Zola nodded weakly and tried to muster all the strength in her legs. She was too stunned and too bewildered to say anything. She was not even sure if she knew of any questions to ask. She would just have to trust Venera. Zola sat beside a girl who was trembling like her and sobbing quietly while Venera took her place beside Zola. Zola tried to find her voice to ask Venera about the situation at hand but failed. Venera, who seemed to have deciphered Zola’s confusion, rubbed Zola’s back comfortingly and said, “I think it’s best if you don’t look up or look around yet until you are calm enough to speak. For now, just know that something very serious is going on right now. The school is in a state of emergency. More will be explained to you later when you are no longer in a state of shock.”

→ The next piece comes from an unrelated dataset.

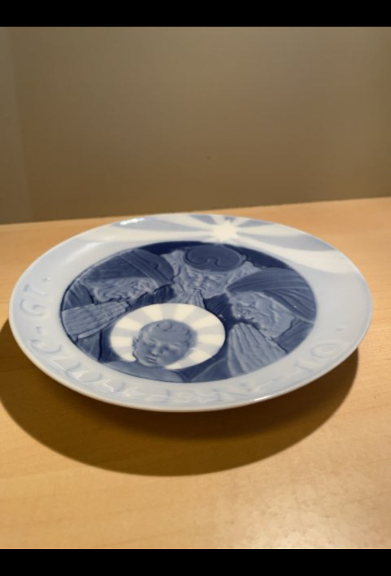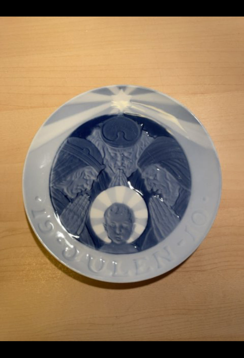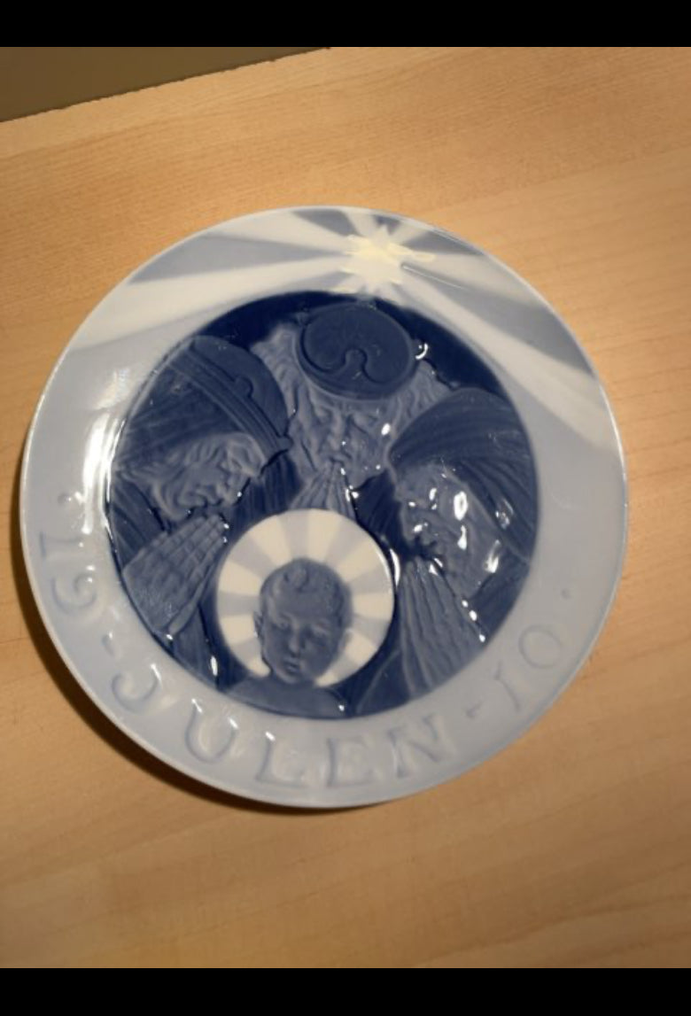 Juleplatten fra Royal Copenhagen er fra 1910. Den forestiller De hellige tre konger og er lidt mindre end de efterfølgende platter. Den er i fin stand, ingen skår

Zola nodded weakly again and closed her eyes for a bit. She inhaled deeply before exhaling it all out. She repeated the breathing technique her mother taught her when she was a child after waking up from a horrible nightmare. Since then, nightmares became a frequent occurrence for Zola. Zola was able to put up with it at first but the intensity of the nightmares increased until she was hospitalised for a severe panic attack one night. Despaired, her mother brought her to stay with her grandmother in a remote village in Nigeria. Zola could not recall what those nightmares were about. She could not recall exactly what happened at her grandmother’s house either. All she could recall were the times she spent happily with her grandmother, learning about flowers and their uses in her grandmother’s garden. And that the nightmares stopped since then.

“Venera…” Zola’s voiced trailed off as she turned to her left, only to find Venera’s seat vacant. During that short glance to her left, Zola noticed that a few benches were empty and managed to catch sight of a girl leaving her seat, following a line of girls who were being ushered out of the hall by student councillors. She wondered where they were heading to and if she needed to leave the hall with them as well.

“They’re being sent home, Zola,” Venera interrupted her thoughts while propping Nerea and leading her to the empty space on the bench beside Zola.

Zola found Nerea’s pallid visage and vacant stare disconcerting. She looked at Venera and asked meekly, “All of us?”

There was a look of hesitation on Venera’s face. Zola found that to be even more disconcerting. For someone like Venera to be uncertain, the situation at hand must have been a greatly distressing one. Before Venera could answer, she was tugged away by a girl who whispered something urgently in her ear as they pulled away from Zola’s sight.

Zola looked down, slightly afraid to look at Nerea and the girl on her right, who was still sobbing and trembling.

What the hell is going on?

*

“Damn it! It’s my bedtime! Give me a break! I must have already killed at least fifty of you!” Yezekael yelled as he landed a blow with his fist on the creature’s face before him.

“Ouch! Shit! Is your head made of brick or something?!” Yezekael continued to punch with his other fist.

The creature screeched horribly at each of his hit. It opened its mouth and Yezekael could spot a glowing ember emerging from the back of the creature’s mouth.

“Oh, no you don’t!” Yezekael got down and swept the creature’s legs with his right leg. The creature was knocked over and Yezekael could see a burning ball of fiery stone shooting out of its mouth before quickly dropping back into it due to gravity.

The creature went into spasms and choked. Yezekael took the opportunity to take his dagger chucked aside nearby on the ground and stabbed the creature in the chest with it.

Black liquid flowed from it as Yezekael yanked his dagger out. He was ready to plunge it in again but stopped when he saw the creature’s eyes roll up. The creature shook vigorously for a few more moments before it went limp and then immobile.

Yezekael heard a horrible screech that must have been a hundred times worse than that of the creature before him. Yezekael covered his ears quickly and looked up.

“Shit!”

The mother of the Qakkirs he killed was getting angrier, especially at him.